§ **EXERCISE GOAL**:
Once the pictures are removed, restate the listing word for word.

§ **DATA EXCERPT**:
● ● ● ● ● ● ●

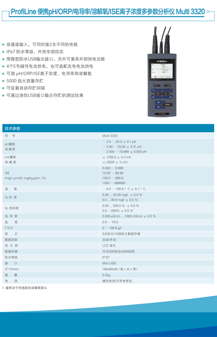 德國WTW Multi 3320便攜式PH計/電導(dǎo)率儀/溶解氧多參數(shù)測量儀簡介
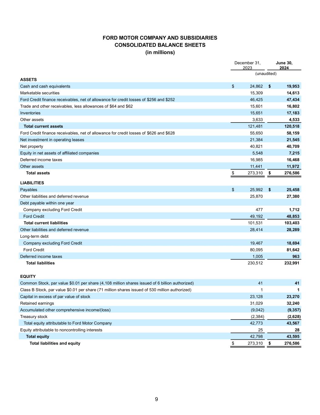 9 FORD MOTOR COMPANY AND SUBSIDIARIES CONSOLIDATED BALANCE SHEETS (in millions) December 31, 2023 June 30, 2024 (unaudited) ASSETS Cash and cash equivalents $ 24,862 $ 19,953 Marketable securities 15,309 14,613 Ford Credit finance receivables, net of allowance for credit losses of $256 and $252 46,425 47,434 Trade and other receivables, less allowances of $64 and $62 15,601 16,802 Inventories 15,651 17,183 Other assets 3,633 4,533 Total current assets 121,481 120,518 Ford Credit finance receivables, net of allowance for credit losses of $626 and $628 55,650 58,159 Net investment in operating leases 21,384 21,545 Net property 40,821 40,709 Equity in net assets of affiliated companies 5,548 7,215 Deferred income taxes 16,985 16,468 Other assets 11,441 11,972 Total assets $ 273,310 $ 276,586 LIABILITIES Payables $ 25,992 $ 25,458 Other liabilities and deferred revenue 25,870 27,380 Debt payable within one year Company excluding Ford Credit 477 1,712 Ford Credit 49,192 48,853 Total current liabilities 101,531 103,403 Other liabilities and deferred revenue 28,414 28,289 Long-term debt Company excluding Ford Credit 19,467 18,694 Ford Credit 80,095 81,642 Deferred income taxes 1,005 963 Total liabilities 230,512 232,991 EQUITY Common Stock, par value $0.01 per share (4,108 million shares issued of 6 billion authorized) 41 41 Class B Stock, par value $0.01 per share (71 million shares issued of 530 million authorized) 1 1 Capital in excess of par value of stock 23,128 23,270 Retained earnings 31,029 32,240 Accumulated other comprehensive income/(loss) (9,042) (9,357) Treasury stock (2,384) (2,628) Total equity attributable to Ford Motor Company 42,773 43,567 Equity attributable to noncontrolling interests 25 28 Total equity 42,798 43,595 Total liabilities and equity $ 273,310 $ 276,586
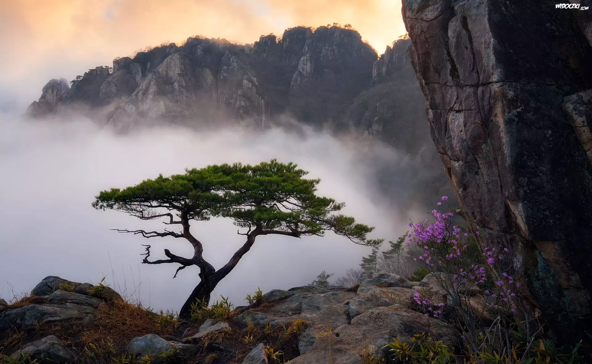 Skały, Góry, Drzewo, Sosna, Mgła, Kwiaty
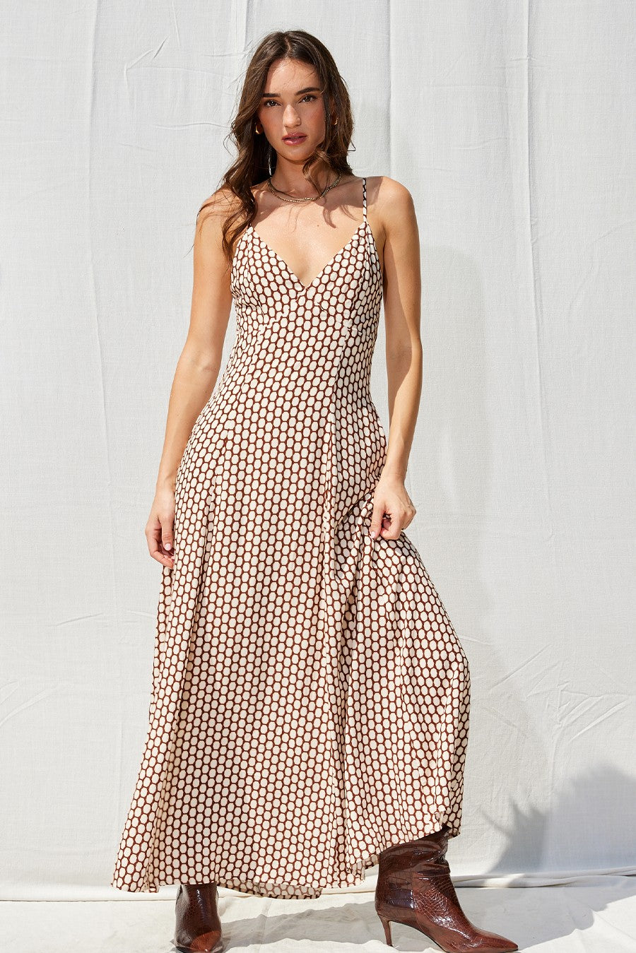 Elevate your style with the Honeycomb Chic Maxi Dress, featuring a flattering plunging V-neckline and an elegant open back secured with a delicate tie and tassels. Crafted with a coconut button closure and sleeveless design, this lined dress offers comfort and sophistication. Practical side pockets add convenience without sacrificing style, making it perfect for any occasion.

● ● ● ● ● ● ●

§ **TASK SOLUTION**:
 德國WTW Multi 3320便攜式PH計/電導(dǎo)率儀/溶解氧多參數(shù)測量儀簡介
 9 FORD MOTOR COMPANY AND SUBSIDIARIES CONSOLIDATED BALANCE SHEETS (in millions) December 31, 2023 June 30, 2024 (unaudited) ASSETS Cash and cash equivalents $ 24,862 $ 19,953 Marketable securities 15,309 14,613 Ford Credit finance receivables, net of allowance for credit losses of $256 and $252 46,425 47,434 Trade and other receivables, less allowances of $64 and $62 15,601 16,802 Inventories 15,651 17,183 Other assets 3,633 4,533 Total current assets 121,481 120,518 Ford Credit finance receivables, net of allowance for credit losses of $626 and $628 55,650 58,159 Net investment in operating leases 21,384 21,545 Net property 40,821 40,709 Equity in net assets of affiliated companies 5,548 7,215 Deferred income taxes 16,985 16,468 Other assets 11,441 11,972 Total assets $ 273,310 $ 276,586 LIABILITIES Payables $ 25,992 $ 25,458 Other liabilities and deferred revenue 25,870 27,380 Debt payable within one year Company excluding Ford Credit 477 1,712 Ford Credit 49,192 48,853 Total current liabilities 101,531 103,403 Other liabilities and deferred revenue 28,414 28,289 Long-term debt Company excluding Ford Credit 19,467 18,694 Ford Credit 80,095 81,642 Deferred income taxes 1,005 963 Total liabilities 230,512 232,991 EQUITY Common Stock, par value $0.01 per share (4,108 million shares issued of 6 billion authorized) 41 41 Class B Stock, par value $0.01 per share (71 million shares issued of 530 million authorized) 1 1 Capital in excess of par value of stock 23,128 23,270 Retained earnings 31,029 32,240 Accumulated other comprehensive income/(loss) (9,042) (9,357) Treasury stock (2,384) (2,628) Total equity attributable to Ford Motor Company 42,773 43,567 Equity attributable to noncontrolling interests 25 28 Total equity 42,798 43,595 Total liabilities and equity $ 273,310 $ 276,586
 Skały, Góry, Drzewo, Sosna, Mgła, Kwiaty
 Elevate your style with the Honeycomb Chic Maxi Dress, featuring a flattering plunging V-neckline and an elegant open back secured with a delicate tie and tassels. Crafted with a coconut button closure and sleeveless design, this lined dress offers comfort and sophistication. Practical side pockets add convenience without sacrificing style, making it perfect for any occasion.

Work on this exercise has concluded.